Monday, July 02, 2012

Training Live

  I heard (again--sigh) that classical systems don't train live.  Maybe some don't.  Maybe most don't.  This is the list of the types of sparring that we did under Dave.  I don't know for sure how much was introduced by him and how much was already in the system.

Kumite- was straight up non-contact karate point sparring.

Tachiwaza randori- Judo throwing randori.

Newaza randori- Grappling.  It was under judo rules, but sometimes we would ignore the 25-second osaekomi ippon and keep going.  We didn't incorporate leg locks.  They were in the syllabus, but we played by judo rules.  I incorporate them now when I play.

Judo randori- combining both of the above

Sparring- was controlled contact but all strikes, throws, locks and immobilizations were allowed.  Contact was graded up to what we called 'stiff'.  Beginners would work light contact.

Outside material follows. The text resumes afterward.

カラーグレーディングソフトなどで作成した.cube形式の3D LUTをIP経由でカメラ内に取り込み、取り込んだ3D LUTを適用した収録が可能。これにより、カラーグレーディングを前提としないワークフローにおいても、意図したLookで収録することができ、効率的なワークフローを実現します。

Jujutsu randori.  We had two different things called JJ randori.  One was counter assault.  Uke would give a committed attack and tori would take him out.  I now call this drill take-outs.  The second, cooler version was similar to 'sparring', above.  All techniques allowed.  Stiff contact (but it had to be controlled-- you wanted people to know they were open, you wanted it to hurt and impede, but still be okay for work the next morning) but it started at contact range.  Chest touching chest, chest touching back or chest touching flank.
There are a lot of reasons I love that drill.  You are in range for everything-- strikes (including head butts and some very interesting kicks) gouges, locks, throws and puppetmastering. Which means that everything you do has to be coordinated.  It is so fast and so close that if there are any divisions in your mind between classes of technique or offense and defense you will not be able to keep up.
Can't do that one in a seminar format.  Everyone needs superb breakfall skills; there has to be a level of trust and control (you will remember stiff contact from a head butt.  You might not be able to remember uncontrolled contact) and people who haven't been exposed to that tend to panic.


There are other live trainings.  Stuff not from Dave:

With Mac:
Boxing

Contact stick fighting- Padded sticks and hockey gear

Mixed weapons- Level of contact depending on the weapon and the armor... but, yeah.  Fun.

From the Agency:
ConSim- Full blown scenarios with all force options and policy and force law in play.  Critical for developing judgment.

Stuff I've added:
The One-step- In a lot of ways this is the introductory version of JJ randori.  The big advantage is that you can do it safely with strangers even in environmental fighting.  It's live, but it misses the pain, fear and most of the effort (not quite the right word) of fighting.  How about very good live training but very low resistance?  That about sums it up.

Rolling Dirty- Grappling with the strikes, gouges and normally illegal locks in.  Have to control contact because, obviously, hammering the brainstem or rupturing an eardrum will really mess up someone's day.

All of these have value and you learn something. And with all of them you completely fail to learn other things.  Train hard, but don't fall in love with a method.  Training for dangerous things will never have a one-to-one correlation with doing dangerous things. Not unless the training has the same casualty rate as the event.